A protest to keep the government from destroying the last park in Istanbul, was disrupted by security forces using pepper spray.  As the number of demonstrators grew, police resorted to tear gas and water cannons.  The people of Turkey’s largest city, about 14 million, retaliated with rocks and sticks.

The protests spread to the capital city of Ankara.  Turkish Prime Minister Erdogan has called the growing number of protestors ‘radicals,’ and ‘extremists.’  The Turkish people say he has become a dictator, and ignores the will of the people.  Three people have been killed, and thousands injured.

The police have become victims in the protest and rioting, now in its 10th day.  Forced to endure extreme conditions, six security force members have committed suicide.

“The violence you see at the end is the reflection of the violence suffered by the policemen. They are not just subjected to violence by protesters, but by 120-hour consecutive working periods, stale bread and food,” Faruk Sezer said.  He claimed that staffers drafted from other cities had to sleep on benches, shields or cardboard because state authorities did not provide accommodations.

So, who are the rioters?  They are teachers, lawyers, small business men and women, husbands, wives, and some children.  They are Sunni Muslims, Orthodox Christians, and Kurds.  They are united as citizens of Turkey, challenging a government who has ignored them.
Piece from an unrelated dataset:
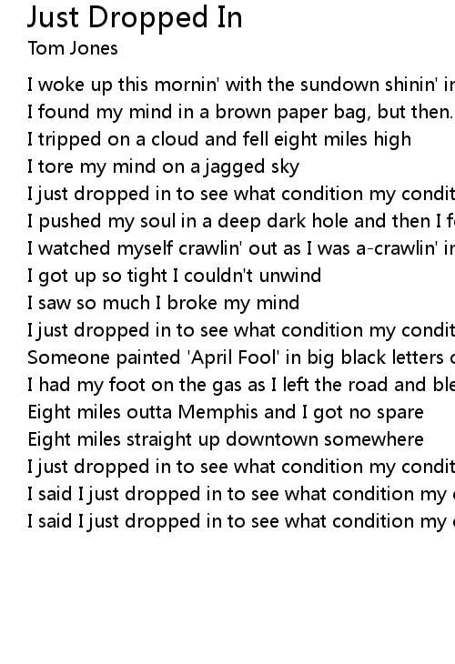 I said I just dropped in to see what condition my condition was in |

The people of Turkey are setting an example for the people of the world, including the people of the United States of America.  Governments are intended to serve people.  When the people are forced to serve the government, freedom and democracy are eliminated.
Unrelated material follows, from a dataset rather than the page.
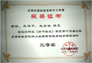 beat365医学院胡敏老师的课件《关节脱位》,在2011年度云南省多媒体教育软件大赛高等教育组633件作品中喜获一等奖后,由省教育厅推荐参评第十五届全国多媒体教育软件大奖赛,荣获三等奖。

In a typical political response, Erdogan’s representative ignored the will of the people.

“Turkey does not need the early elections demanded by the protesters, said Huseyin Celik,” deputy chair of Erdogan’s AKP party.

“The government is running like clockwork. There is nothing that necessitates early elections,” he told reporters in Istanbul, as quoted by Reuters.

According to Celik, “things are going well in Turkey,” and elections should not be held just because “people are marching on the streets.”

Turkish Prime Minister Erdogan on Sunday urged supporters of his Justice and Development Party (AKP) to “teach a lesson” to the anti-government demonstrators at the next local election.

“There are just seven months left until the local elections. I want you to teach them a first lesson through democratic means at the ballot box,” Erdogan told a crowd of cheering loyalists in the southern Turkish city of Adana.

Among the protestors are former Erdogan supporters.  As he became more powerful, and took more authority, they say they are sorry they voted for him.

A united Turkey frightens the government.  In the United States, our government has no fear of the people.  They keep us divided.  They, not the people, call us liberals and conservatives, and tell us we live in red or blue states.  It is government that has failed the people, and their intent is to keep us angry at each other and divided.  The United States of America does not exist any longer.  We may be called the Divided States of America.

The people of Turkey do not care about religion, or even politics.  They care about their quality of life.  The crowd in Taksim Square is a cross section of the nation.  The people of Turkey are teaching the people of the world a valuable lesson.  We, the people, remain stronger, and have more value than our government.